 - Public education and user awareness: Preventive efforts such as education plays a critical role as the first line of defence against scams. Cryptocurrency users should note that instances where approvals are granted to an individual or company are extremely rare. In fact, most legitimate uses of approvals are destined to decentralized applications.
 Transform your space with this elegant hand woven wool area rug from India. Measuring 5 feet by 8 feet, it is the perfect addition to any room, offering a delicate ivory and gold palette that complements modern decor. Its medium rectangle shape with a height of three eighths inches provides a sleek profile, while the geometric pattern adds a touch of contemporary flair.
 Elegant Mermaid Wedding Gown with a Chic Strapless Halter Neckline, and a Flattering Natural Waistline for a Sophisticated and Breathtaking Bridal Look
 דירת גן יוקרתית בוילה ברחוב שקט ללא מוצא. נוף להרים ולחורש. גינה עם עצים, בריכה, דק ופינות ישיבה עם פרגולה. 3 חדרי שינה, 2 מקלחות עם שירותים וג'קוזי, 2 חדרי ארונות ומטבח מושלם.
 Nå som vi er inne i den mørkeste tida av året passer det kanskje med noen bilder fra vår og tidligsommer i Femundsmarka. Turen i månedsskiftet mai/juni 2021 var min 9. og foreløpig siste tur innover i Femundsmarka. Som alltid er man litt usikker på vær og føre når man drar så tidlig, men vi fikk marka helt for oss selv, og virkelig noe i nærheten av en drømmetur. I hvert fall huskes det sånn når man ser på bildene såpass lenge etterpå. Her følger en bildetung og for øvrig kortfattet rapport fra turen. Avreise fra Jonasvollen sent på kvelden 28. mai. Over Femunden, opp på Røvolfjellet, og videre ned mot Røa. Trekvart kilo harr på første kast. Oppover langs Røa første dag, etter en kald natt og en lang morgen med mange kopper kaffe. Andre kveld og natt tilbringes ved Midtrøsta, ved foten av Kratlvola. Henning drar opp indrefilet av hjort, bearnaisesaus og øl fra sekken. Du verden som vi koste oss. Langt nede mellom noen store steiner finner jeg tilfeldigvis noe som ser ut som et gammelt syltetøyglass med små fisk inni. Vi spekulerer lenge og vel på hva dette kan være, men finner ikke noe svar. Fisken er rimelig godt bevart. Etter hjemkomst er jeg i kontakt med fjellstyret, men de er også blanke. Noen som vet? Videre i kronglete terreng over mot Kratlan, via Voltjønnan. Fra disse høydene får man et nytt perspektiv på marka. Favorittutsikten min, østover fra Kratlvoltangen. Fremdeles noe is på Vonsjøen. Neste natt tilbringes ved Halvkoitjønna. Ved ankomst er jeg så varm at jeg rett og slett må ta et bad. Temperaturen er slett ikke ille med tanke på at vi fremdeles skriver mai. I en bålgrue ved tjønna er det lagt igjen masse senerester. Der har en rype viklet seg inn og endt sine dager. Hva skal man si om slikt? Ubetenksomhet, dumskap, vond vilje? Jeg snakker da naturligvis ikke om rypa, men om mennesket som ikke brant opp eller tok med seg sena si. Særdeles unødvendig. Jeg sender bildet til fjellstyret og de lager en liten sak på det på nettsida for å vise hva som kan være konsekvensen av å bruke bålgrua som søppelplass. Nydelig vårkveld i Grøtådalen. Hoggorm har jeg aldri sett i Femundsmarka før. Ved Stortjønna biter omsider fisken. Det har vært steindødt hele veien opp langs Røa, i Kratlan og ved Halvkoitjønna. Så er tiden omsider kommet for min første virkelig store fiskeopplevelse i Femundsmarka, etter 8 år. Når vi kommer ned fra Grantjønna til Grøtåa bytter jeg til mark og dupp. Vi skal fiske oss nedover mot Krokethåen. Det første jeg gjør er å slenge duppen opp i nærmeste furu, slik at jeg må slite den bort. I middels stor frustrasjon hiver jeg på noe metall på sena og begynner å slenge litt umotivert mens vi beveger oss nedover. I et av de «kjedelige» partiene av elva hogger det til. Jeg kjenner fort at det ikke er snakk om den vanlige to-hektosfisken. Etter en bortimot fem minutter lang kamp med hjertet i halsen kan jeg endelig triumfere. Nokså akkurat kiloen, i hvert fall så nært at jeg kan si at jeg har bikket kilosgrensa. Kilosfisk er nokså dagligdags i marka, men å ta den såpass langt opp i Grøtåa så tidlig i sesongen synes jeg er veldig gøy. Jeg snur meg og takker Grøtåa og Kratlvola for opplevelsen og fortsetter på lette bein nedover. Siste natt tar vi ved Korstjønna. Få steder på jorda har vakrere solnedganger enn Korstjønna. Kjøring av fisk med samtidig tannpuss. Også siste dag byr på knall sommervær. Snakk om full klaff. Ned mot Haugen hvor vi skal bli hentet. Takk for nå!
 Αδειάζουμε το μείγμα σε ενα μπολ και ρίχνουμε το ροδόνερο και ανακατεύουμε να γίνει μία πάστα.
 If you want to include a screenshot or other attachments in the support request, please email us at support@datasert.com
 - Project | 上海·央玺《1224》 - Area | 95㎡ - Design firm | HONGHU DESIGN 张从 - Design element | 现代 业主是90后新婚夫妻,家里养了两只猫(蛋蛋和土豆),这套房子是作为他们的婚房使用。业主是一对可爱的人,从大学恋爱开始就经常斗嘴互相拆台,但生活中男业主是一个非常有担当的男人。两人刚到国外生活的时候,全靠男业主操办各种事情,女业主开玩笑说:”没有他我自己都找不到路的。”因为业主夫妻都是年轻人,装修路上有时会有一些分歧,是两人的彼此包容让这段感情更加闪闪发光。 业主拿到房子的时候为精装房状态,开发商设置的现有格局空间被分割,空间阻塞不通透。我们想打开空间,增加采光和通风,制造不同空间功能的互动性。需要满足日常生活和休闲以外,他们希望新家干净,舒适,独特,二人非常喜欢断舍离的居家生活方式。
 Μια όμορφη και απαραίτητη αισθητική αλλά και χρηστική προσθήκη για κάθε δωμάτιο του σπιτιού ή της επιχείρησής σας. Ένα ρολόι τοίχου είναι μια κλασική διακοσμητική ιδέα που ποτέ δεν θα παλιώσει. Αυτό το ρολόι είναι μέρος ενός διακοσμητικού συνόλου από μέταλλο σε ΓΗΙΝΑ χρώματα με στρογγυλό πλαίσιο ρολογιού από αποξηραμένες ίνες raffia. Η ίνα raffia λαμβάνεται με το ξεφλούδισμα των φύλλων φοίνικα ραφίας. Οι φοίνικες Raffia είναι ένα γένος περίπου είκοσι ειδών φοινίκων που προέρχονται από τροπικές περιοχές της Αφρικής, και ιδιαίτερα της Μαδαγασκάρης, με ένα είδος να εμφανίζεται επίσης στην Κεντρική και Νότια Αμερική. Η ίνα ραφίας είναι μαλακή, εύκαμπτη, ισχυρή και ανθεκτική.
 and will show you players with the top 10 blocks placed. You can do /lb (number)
-------
WHAT TO PRODUCE
Find out how many lines in the data above hold the word "with". Write only the number.

RESPONSE TO THIS EXERCISE
3